Siberian Iris Caesar's brother.



Haven't mastered the art of collage making yet. Joey at the Village Voice does such beautiful collages, I thought I'd give it a try. I need more practice:)

Have a wonderful weekend, everyone.

Tuesday, June 1, 2010

Oops, Tales of a traveling phlox


I want to apologize to Gail at Clay andLimestone and to everyone for my mistake in yesterday's post. An incomplete post was actually automatically published--my error, I did not pay enough attention. The post that was meant for yesterday had the same topic but was much more complete. Sorry.




If PPP could talk, she would have quite a tail to tell. Dug out of the ground, stuck in a little box and jostled and bounced around for a week. Finally the box opens and here is an unfamiliar landscape.

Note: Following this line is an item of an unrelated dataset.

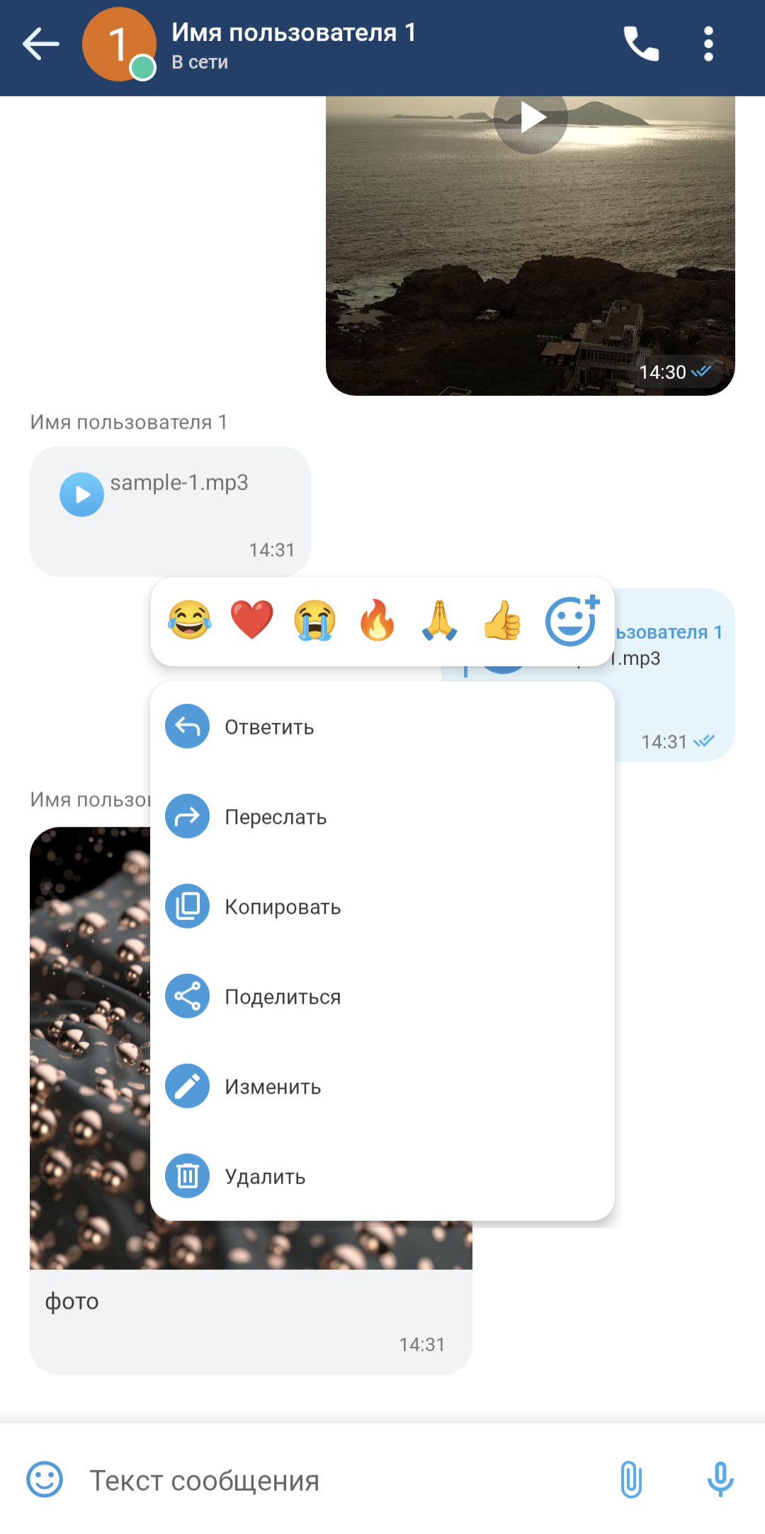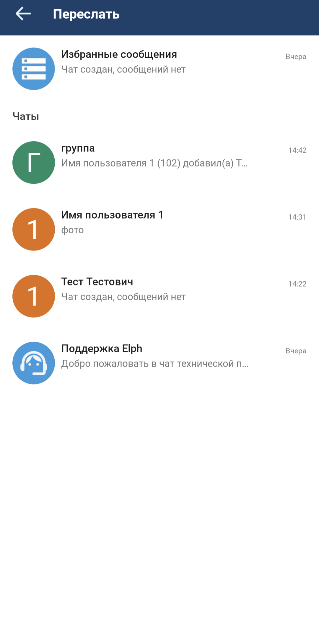 Для пересылки сообщения необходимо в контекстном меню выбрать «Переслать». В этом случае откроется список чатов, при нажатии на один из них сообщение будет переслано в данный чат.

PPP took the US Mail in stride and settled into her new home in my woodland garden. She remained mostly evergreen under last winter's snow and this spring she is at least four or five times the size she was last year. I needn't have worried she was planted in too much shade, that hasn't fazed her either. Her job is blooming and she does that really well.



Gail at Clay and Limestone sent PPP to me last year. Gail has become a good will Ambassador for native plants in general and PPP in particular. A lot of gardeners around the country would never have heard of PPP or had it growing in their gardens if not for photos and stories from Gail's GOBN (garden of benign neglect:). Lately I've seen PPP featured on garden blogs from Florida to Chicago. All these little plants courtesy of Gail. Thank you Gail for introducing so many of us to PPP.



A little something about PPP, known to sticklers for botanical nomenclature as phlox pilosa. It is a native of dry, open woodlands, meadows and prairies over most of the US. It reminds me a little of woodland phlox, p. divaricata, but blooms over a considerably longer time period. A great plant for a woodland garden but also perfect growing among hybrid perennials and shrubs.